> _About this task_: Retype, with no pictures, each line from the one that holds "作為新組建的產(chǎn)業" through the last line of the entries below, both included.

---------- Data records

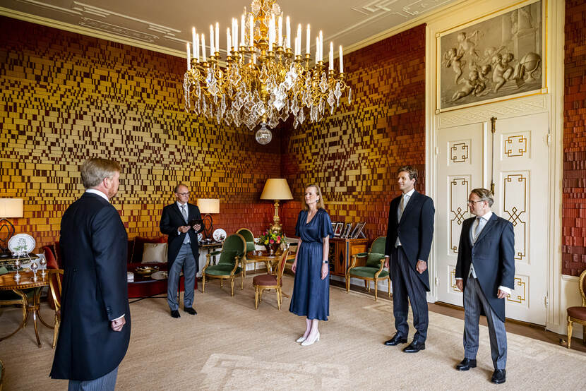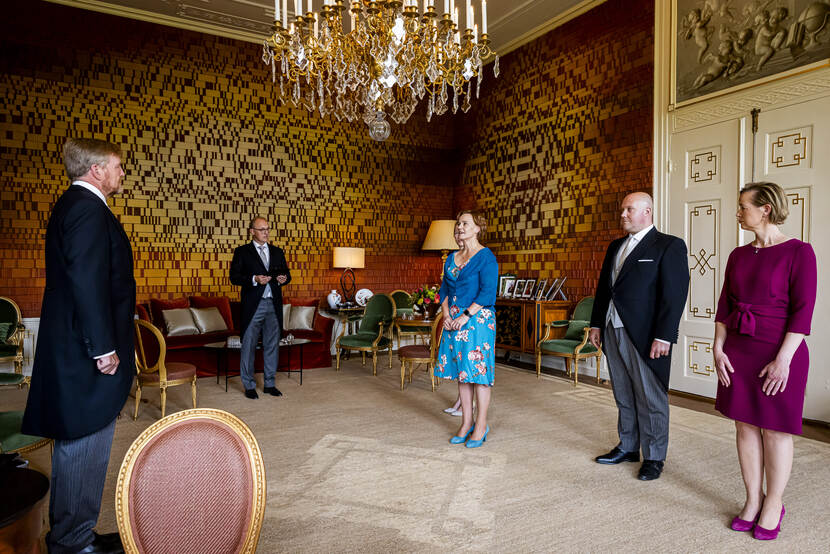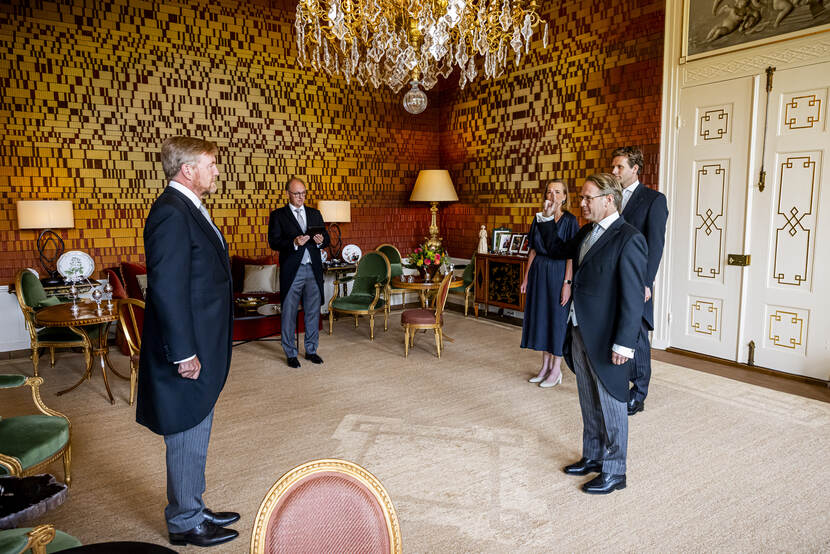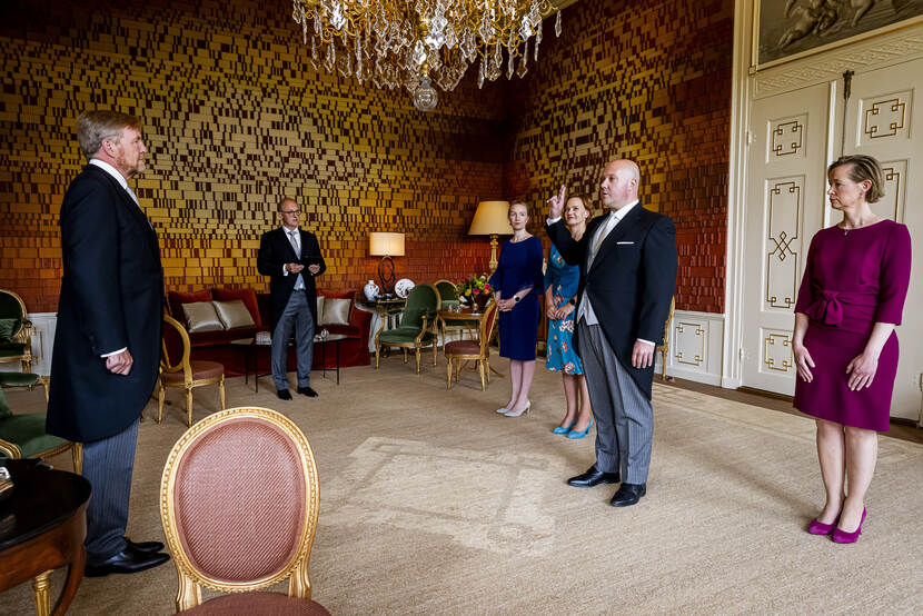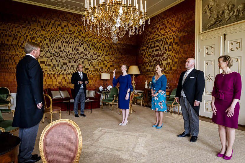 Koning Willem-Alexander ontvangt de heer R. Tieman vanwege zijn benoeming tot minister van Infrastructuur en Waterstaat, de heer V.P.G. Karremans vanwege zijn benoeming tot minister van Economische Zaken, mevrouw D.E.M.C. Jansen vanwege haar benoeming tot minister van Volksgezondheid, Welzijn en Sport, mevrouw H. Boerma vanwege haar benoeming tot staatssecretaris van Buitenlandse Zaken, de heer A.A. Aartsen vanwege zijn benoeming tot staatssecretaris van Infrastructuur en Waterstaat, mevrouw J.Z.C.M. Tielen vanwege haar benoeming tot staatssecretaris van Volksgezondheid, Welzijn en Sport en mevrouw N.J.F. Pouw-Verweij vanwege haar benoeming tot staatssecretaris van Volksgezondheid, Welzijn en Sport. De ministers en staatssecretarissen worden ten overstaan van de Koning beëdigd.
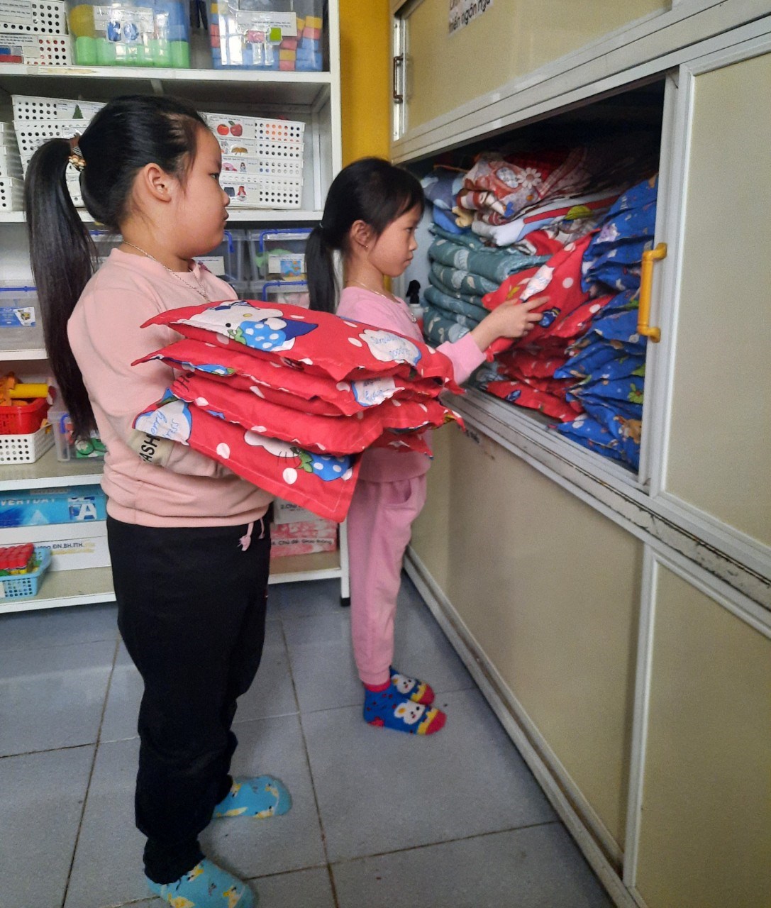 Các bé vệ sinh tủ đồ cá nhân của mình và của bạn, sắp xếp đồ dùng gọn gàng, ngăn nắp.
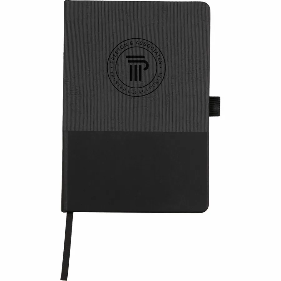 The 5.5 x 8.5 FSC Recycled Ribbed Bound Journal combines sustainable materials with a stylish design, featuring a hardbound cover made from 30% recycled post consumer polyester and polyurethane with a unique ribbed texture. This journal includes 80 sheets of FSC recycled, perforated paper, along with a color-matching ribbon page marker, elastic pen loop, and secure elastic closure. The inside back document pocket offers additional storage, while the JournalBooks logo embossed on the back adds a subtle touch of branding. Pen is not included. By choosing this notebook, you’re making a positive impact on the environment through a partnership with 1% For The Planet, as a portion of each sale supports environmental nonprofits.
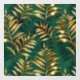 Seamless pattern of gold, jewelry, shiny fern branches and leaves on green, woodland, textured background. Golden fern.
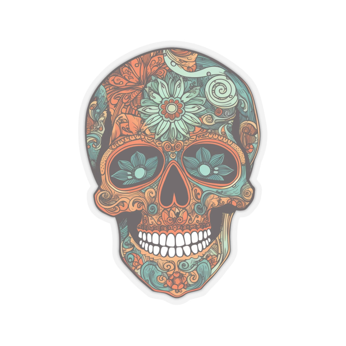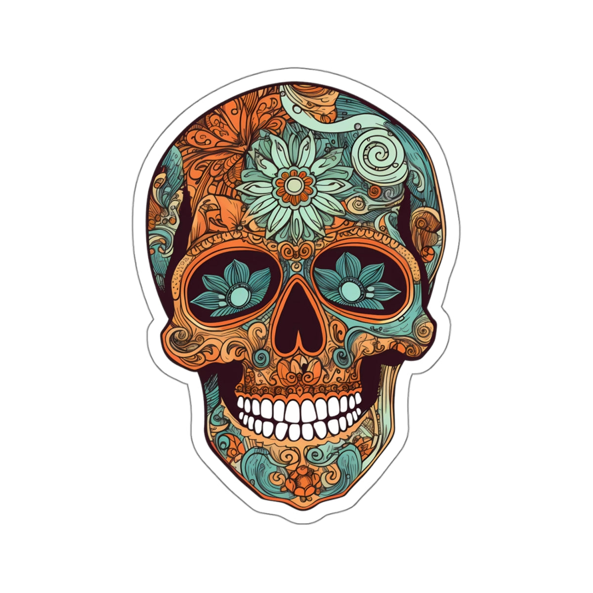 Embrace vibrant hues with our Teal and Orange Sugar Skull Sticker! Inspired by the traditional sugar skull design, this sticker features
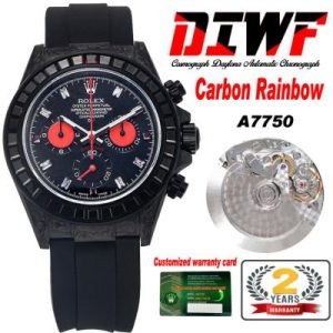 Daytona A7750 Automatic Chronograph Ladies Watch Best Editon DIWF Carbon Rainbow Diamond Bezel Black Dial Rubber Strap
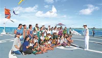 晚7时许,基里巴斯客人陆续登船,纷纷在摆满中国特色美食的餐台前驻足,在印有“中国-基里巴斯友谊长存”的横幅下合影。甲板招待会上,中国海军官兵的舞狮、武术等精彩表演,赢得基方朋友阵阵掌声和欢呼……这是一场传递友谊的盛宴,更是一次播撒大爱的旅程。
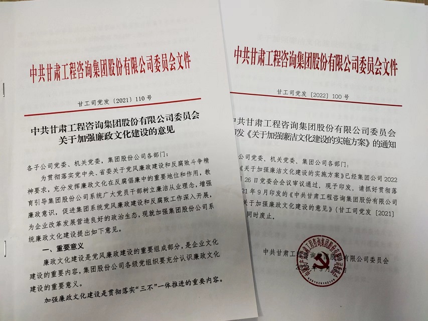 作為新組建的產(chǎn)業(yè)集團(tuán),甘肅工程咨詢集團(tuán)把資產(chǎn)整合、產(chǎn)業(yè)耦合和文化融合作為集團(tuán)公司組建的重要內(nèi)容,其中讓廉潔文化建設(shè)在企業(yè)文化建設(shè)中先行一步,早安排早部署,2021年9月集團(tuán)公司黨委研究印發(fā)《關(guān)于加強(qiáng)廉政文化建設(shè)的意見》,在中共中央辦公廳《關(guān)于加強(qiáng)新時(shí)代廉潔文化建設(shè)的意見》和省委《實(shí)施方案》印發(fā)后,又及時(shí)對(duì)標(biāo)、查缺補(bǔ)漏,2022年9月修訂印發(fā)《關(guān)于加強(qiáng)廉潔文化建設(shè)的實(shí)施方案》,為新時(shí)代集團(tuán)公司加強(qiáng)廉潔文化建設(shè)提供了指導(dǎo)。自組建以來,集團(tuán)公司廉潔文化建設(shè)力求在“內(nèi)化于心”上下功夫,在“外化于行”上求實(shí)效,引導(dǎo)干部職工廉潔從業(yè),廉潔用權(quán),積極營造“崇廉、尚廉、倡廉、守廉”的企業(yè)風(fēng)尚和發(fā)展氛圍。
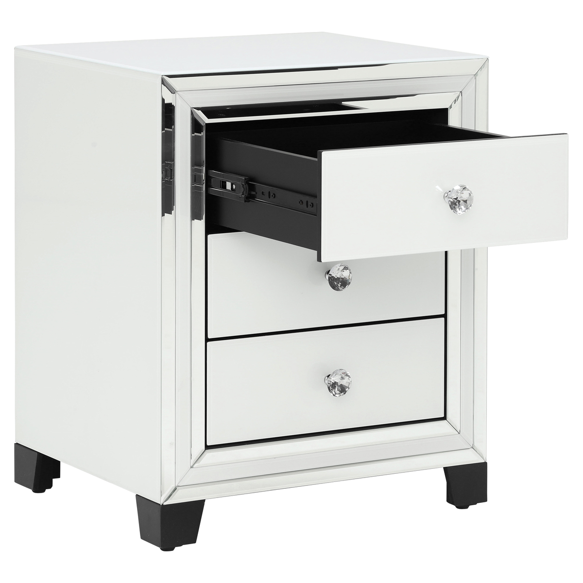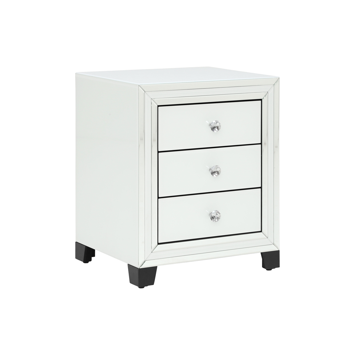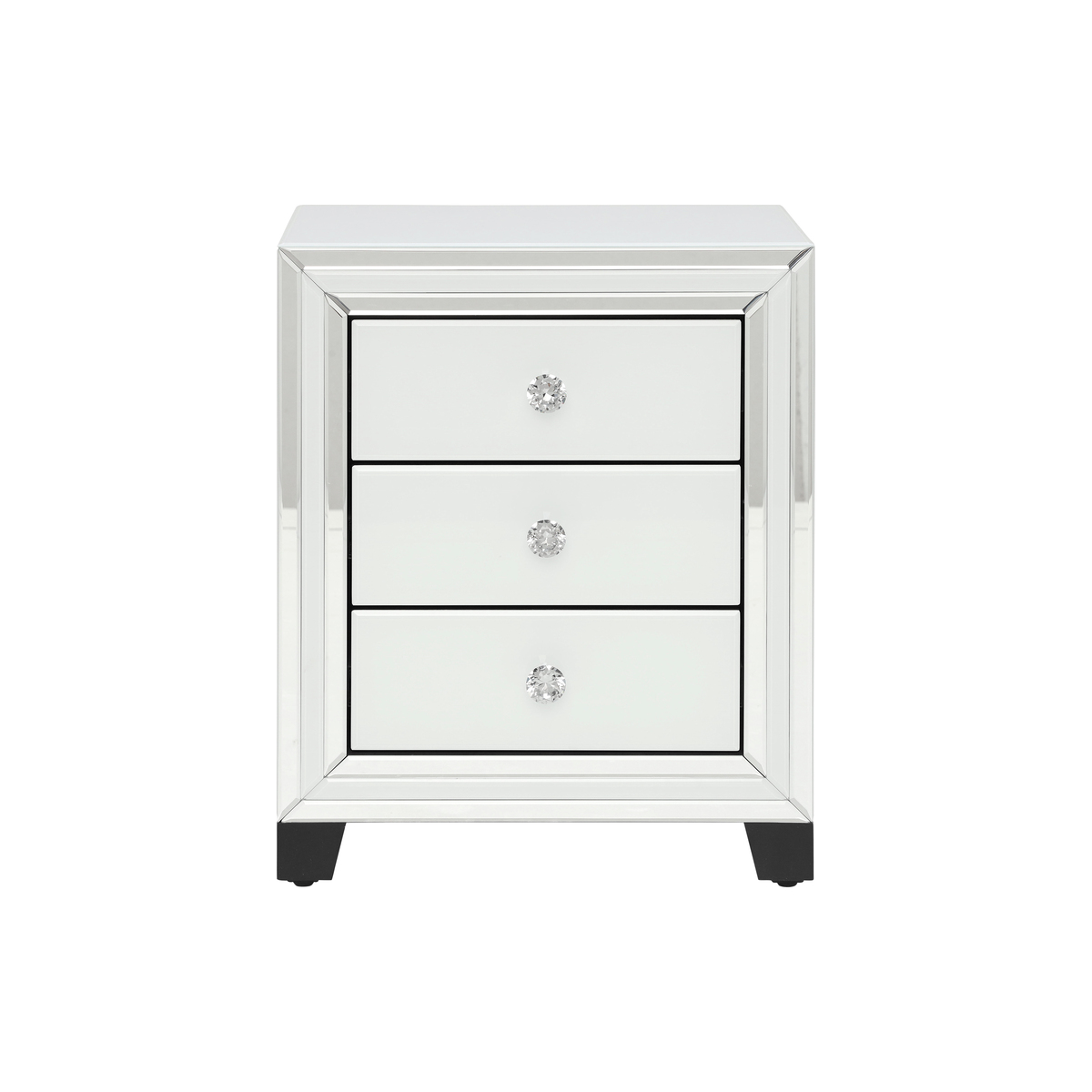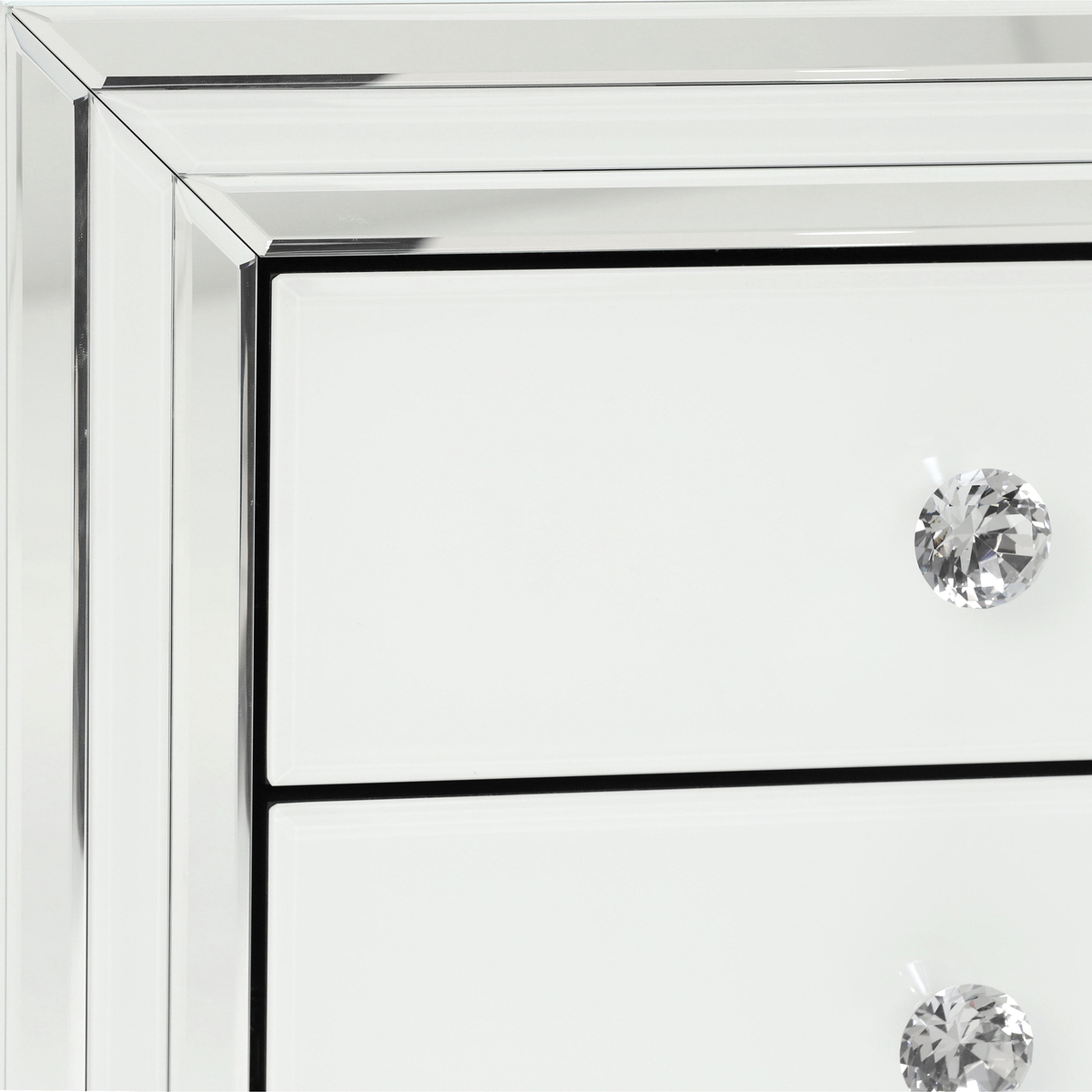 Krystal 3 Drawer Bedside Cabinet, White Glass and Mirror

--------------------

> _Finished exercise_:
 作為新組建的產(chǎn)業(yè)集團(tuán),甘肅工程咨詢集團(tuán)把資產(chǎn)整合、產(chǎn)業(yè)耦合和文化融合作為集團(tuán)公司組建的重要內(nèi)容,其中讓廉潔文化建設(shè)在企業(yè)文化建設(shè)中先行一步,早安排早部署,2021年9月集團(tuán)公司黨委研究印發(fā)《關(guān)于加強(qiáng)廉政文化建設(shè)的意見》,在中共中央辦公廳《關(guān)于加強(qiáng)新時(shí)代廉潔文化建設(shè)的意見》和省委《實(shí)施方案》印發(fā)后,又及時(shí)對(duì)標(biāo)、查缺補(bǔ)漏,2022年9月修訂印發(fā)《關(guān)于加強(qiáng)廉潔文化建設(shè)的實(shí)施方案》,為新時(shí)代集團(tuán)公司加強(qiáng)廉潔文化建設(shè)提供了指導(dǎo)。自組建以來,集團(tuán)公司廉潔文化建設(shè)力求在“內(nèi)化于心”上下功夫,在“外化于行”上求實(shí)效,引導(dǎo)干部職工廉潔從業(yè),廉潔用權(quán),積極營造“崇廉、尚廉、倡廉、守廉”的企業(yè)風(fēng)尚和發(fā)展氛圍。
 Krystal 3 Drawer Bedside Cabinet, White Glass and Mirror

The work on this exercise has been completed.